*Records excerpted from a collection:*
——

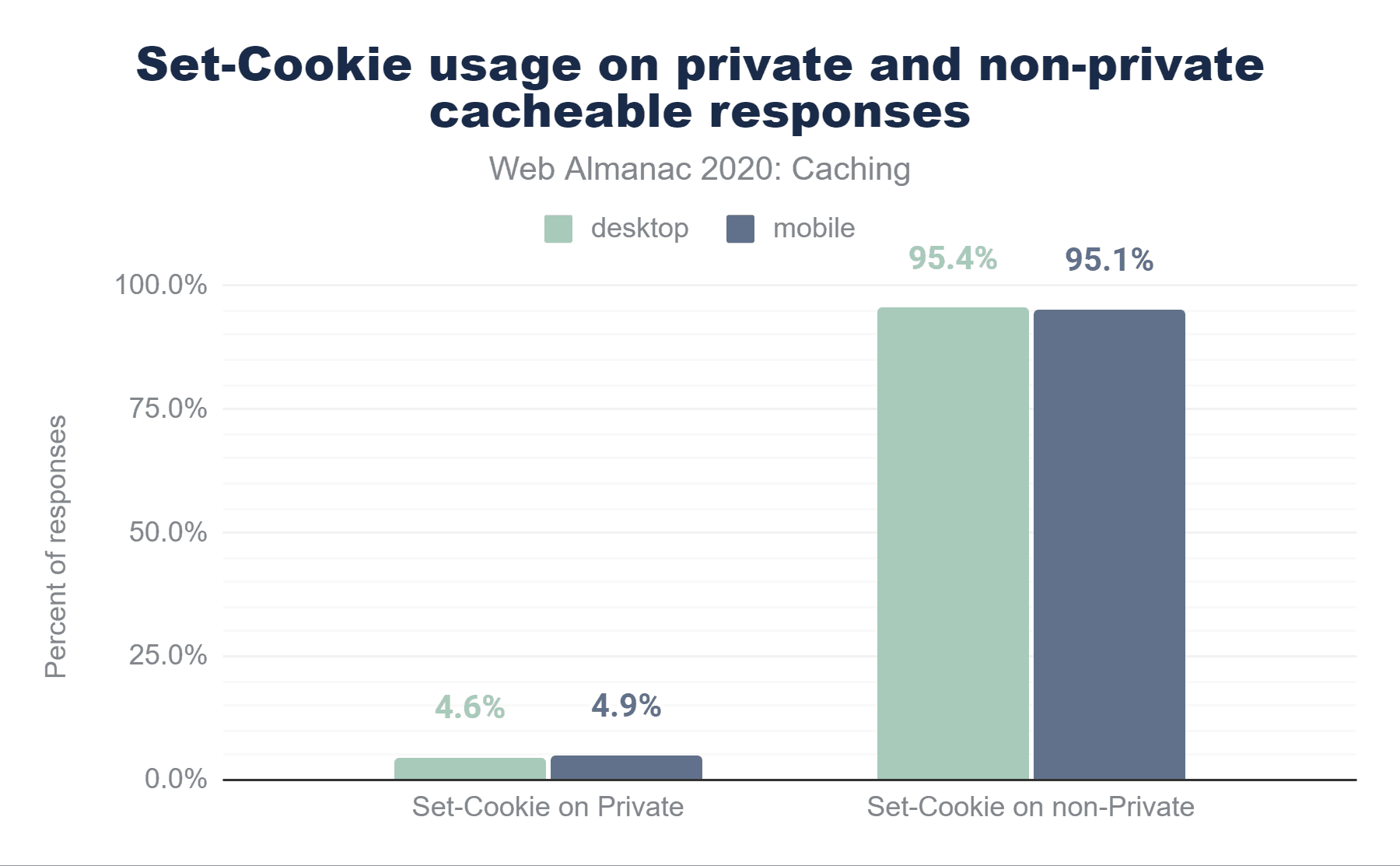 キャッシュ可能なモバイルレスポンスのうち、40.4%がSet-Cookieヘッダーを含んでいます。これらのレスポンスのうち、privateディレクティブを使用しているのは4.9%。残りの95.1%(1億9,860万のHTTPレスポンス)は、少なくとも1つのSet-Cookieレスポンスヘッダーを含んでおり、CDNなどのパブリックキャッシュサーバでキャッシュできます。これは、キャッシュ機能とCookieがどのように共存しているのか、理解されていないことを示しているのかもしれません。
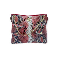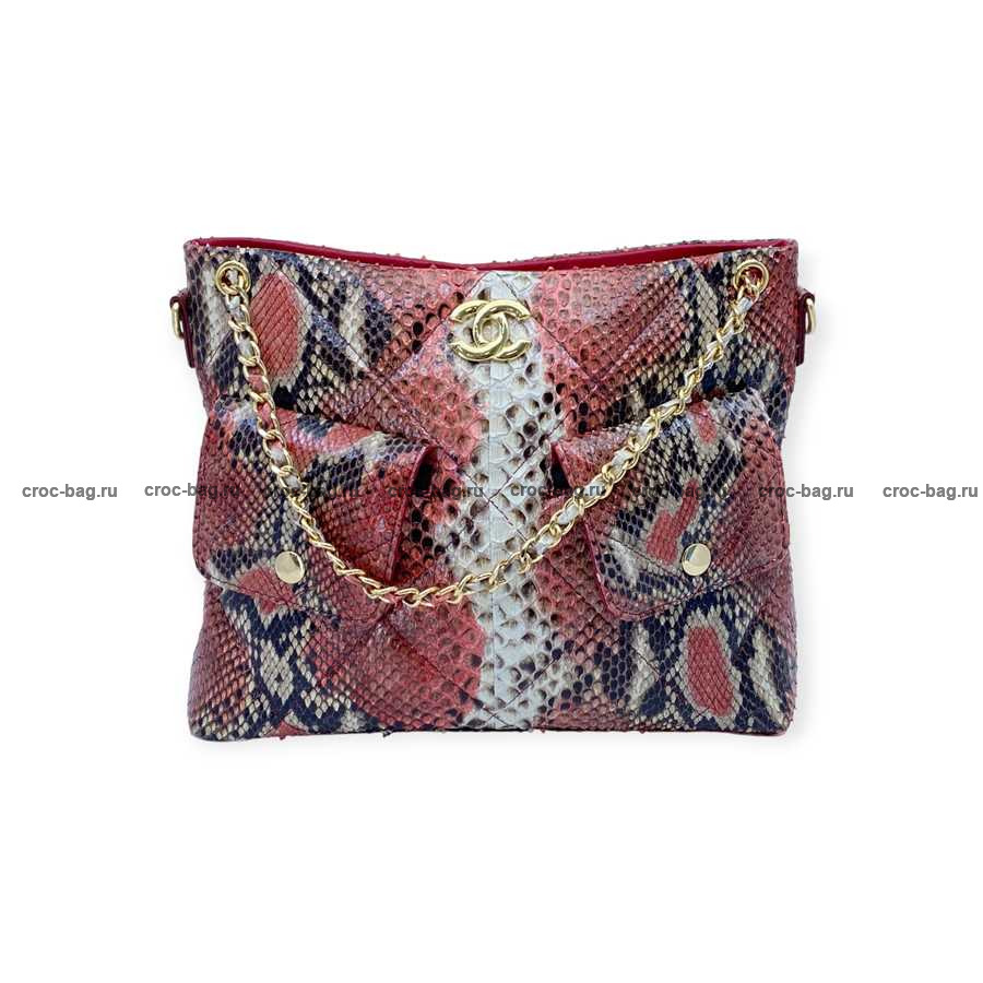 Женская сумка в стиле CHANEL из натуральной кожи питона красного цвета
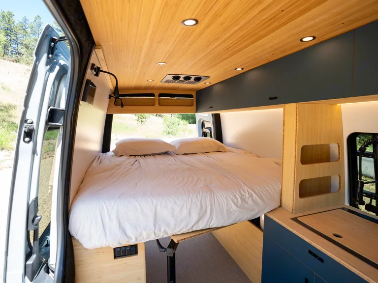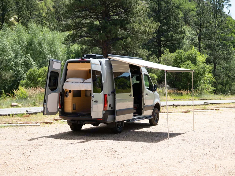 Meet "Vanis" our 2025 Geotrek Albatross Flatiron, the ultimate balance of rugged capability and modern comfort. Whether you’re exploring Colorado’s backroads, heading to national parks, or taking a cross-country trip, this adventure-ready camper van has everything you need.All-Wheel Drive – go confidently on mountain passes, gravel roads, and snowy conditions.Off-Grid Power – solar panels, lithium battery bank, and inverter keep you charged anywhere.Fully Equipped Kitchen – fridge, stove, sink, and plenty of storage for cooking on the road.Spacious Interior – sleeps 2 comfortably with a king sized bed and smart storage throughout.Comfort Upgrades – climate control, hot water, outdoor shower, and swivel captain’s chairs.Adventure-Ready Gear Storage – plenty of room for bikes, skis, or camping gear.Perfect for couples or solo travelers who want to experience van life with comfort and confidence. With AWD, solar, and a thoughtfully designed interior, this Geotrek Albatross is ready for any trip — from weekend escapes to extended adventures.What's included• Pots/Pans, Plates/Cutlery, Basic cooking needs
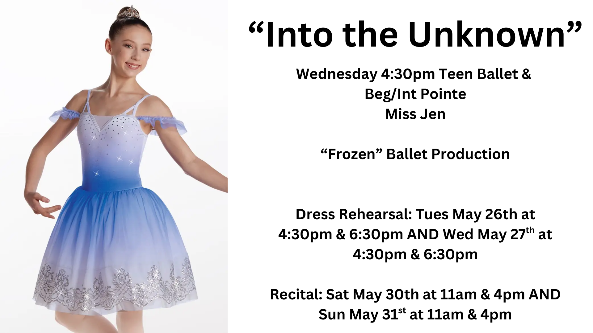 Wednesday 4:30pm: Teen Ballet & Beg./Int. Pointe- Miss Jen
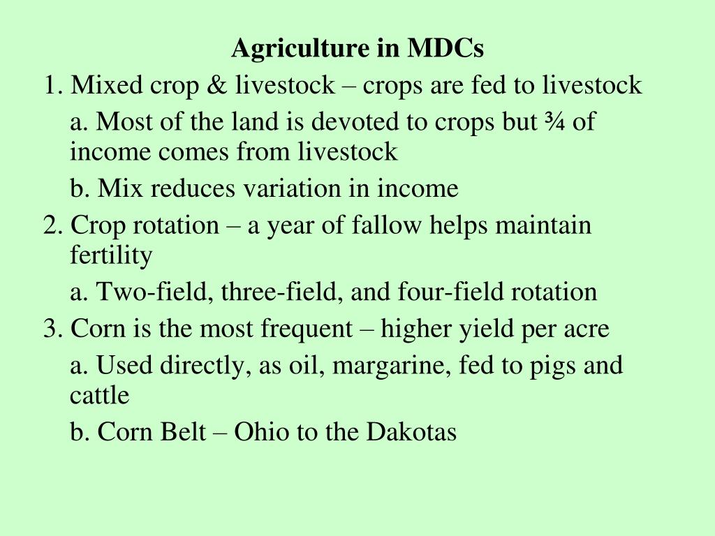 Agriculture in MDCs 1. Mixed crop & livestock – crops are fed to livestock a. Most of the land is devoted to crops but ¾ of income comes from livestock b. Mix reduces variation in income 2. Crop rotation – a year of fallow helps maintain fertility a. Two-field, three-field, and four-field rotation 3. Corn is the most frequent – higher yield per acre a. Used directly, as oil, margarine, fed to pigs and cattle b. Corn Belt – Ohio to the Dakotas
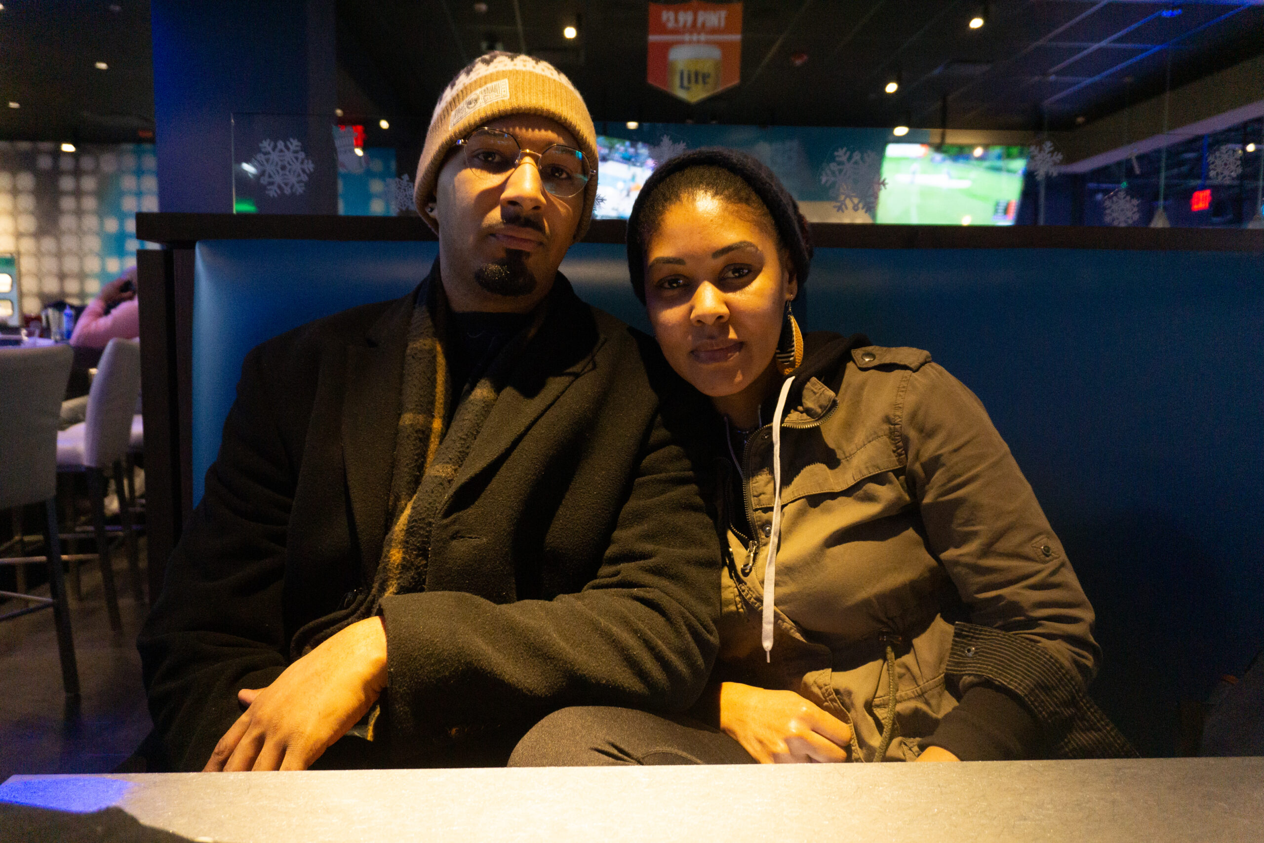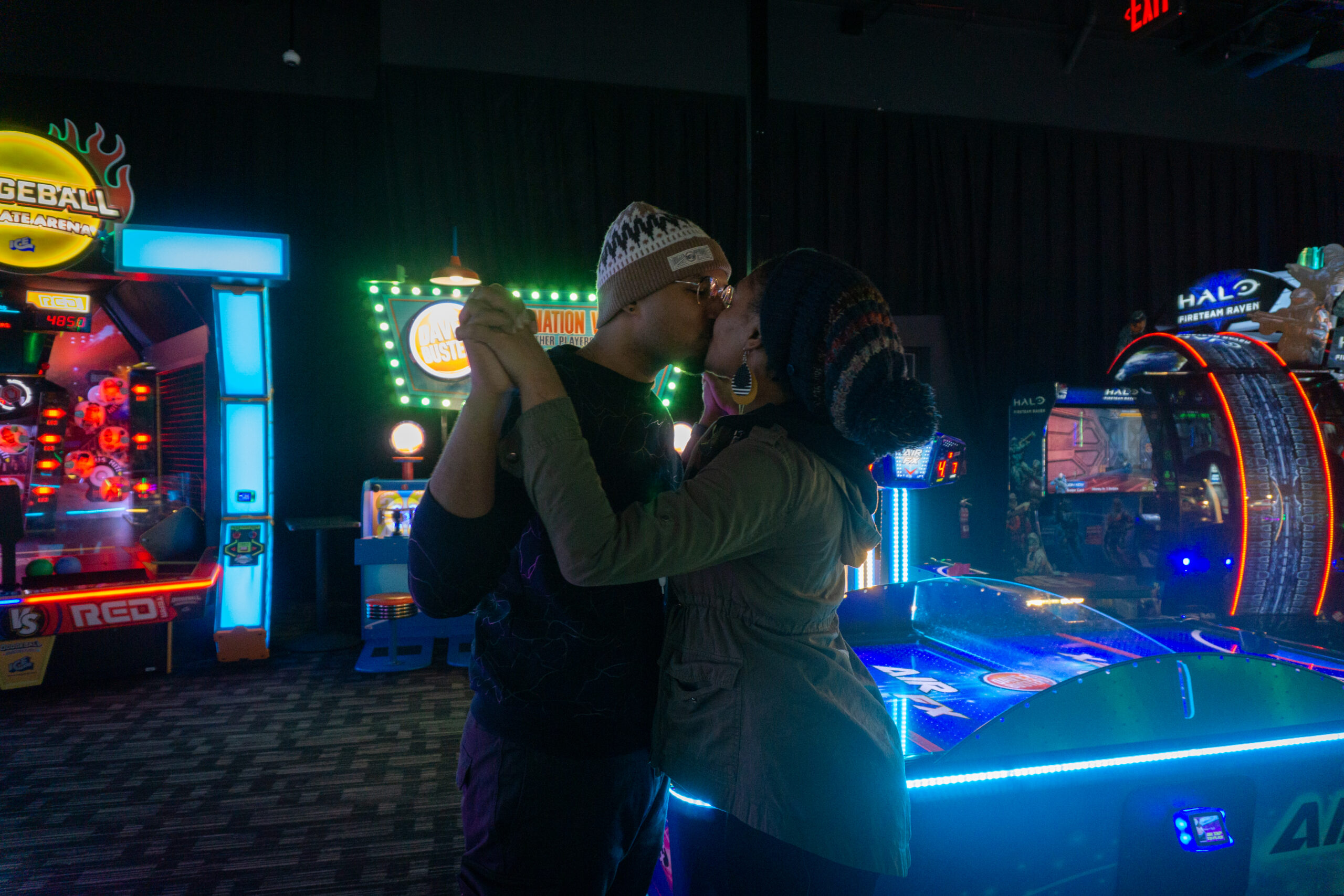 - Dec. 8, 2022–New York, NY: Scenes from Dave & Buster’s in Brooklyn. The couple embraces after finishing a fierce game of table hockey. Photo by Leying Tang.

——

*The problem:*
Word for word, write out each line of the records, but leave the pictures behind.

*Output below:*
 キャッシュ可能なモバイルレスポンスのうち、40.4%がSet-Cookieヘッダーを含んでいます。これらのレスポンスのうち、privateディレクティブを使用しているのは4.9%。残りの95.1%(1億9,860万のHTTPレスポンス)は、少なくとも1つのSet-Cookieレスポンスヘッダーを含んでおり、CDNなどのパブリックキャッシュサーバでキャッシュできます。これは、キャッシュ機能とCookieがどのように共存しているのか、理解されていないことを示しているのかもしれません。
 Женская сумка в стиле CHANEL из натуральной кожи питона красного цвета
 Meet "Vanis" our 2025 Geotrek Albatross Flatiron, the ultimate balance of rugged capability and modern comfort. Whether you’re exploring Colorado’s backroads, heading to national parks, or taking a cross-country trip, this adventure-ready camper van has everything you need.All-Wheel Drive – go confidently on mountain passes, gravel roads, and snowy conditions.Off-Grid Power – solar panels, lithium battery bank, and inverter keep you charged anywhere.Fully Equipped Kitchen – fridge, stove, sink, and plenty of storage for cooking on the road.Spacious Interior – sleeps 2 comfortably with a king sized bed and smart storage throughout.Comfort Upgrades – climate control, hot water, outdoor shower, and swivel captain’s chairs.Adventure-Ready Gear Storage – plenty of room for bikes, skis, or camping gear.Perfect for couples or solo travelers who want to experience van life with comfort and confidence. With AWD, solar, and a thoughtfully designed interior, this Geotrek Albatross is ready for any trip — from weekend escapes to extended adventures.What's included• Pots/Pans, Plates/Cutlery, Basic cooking needs
 Wednesday 4:30pm: Teen Ballet & Beg./Int. Pointe- Miss Jen
 Agriculture in MDCs 1. Mixed crop & livestock – crops are fed to livestock a. Most of the land is devoted to crops but ¾ of income comes from livestock b. Mix reduces variation in income 2. Crop rotation – a year of fallow helps maintain fertility a. Two-field, three-field, and four-field rotation 3. Corn is the most frequent – higher yield per acre a. Used directly, as oil, margarine, fed to pigs and cattle b. Corn Belt – Ohio to the Dakotas
 - Dec. 8, 2022–New York, NY: Scenes from Dave & Buster’s in Brooklyn. The couple embraces after finishing a fierce game of table hockey. Photo by Leying Tang.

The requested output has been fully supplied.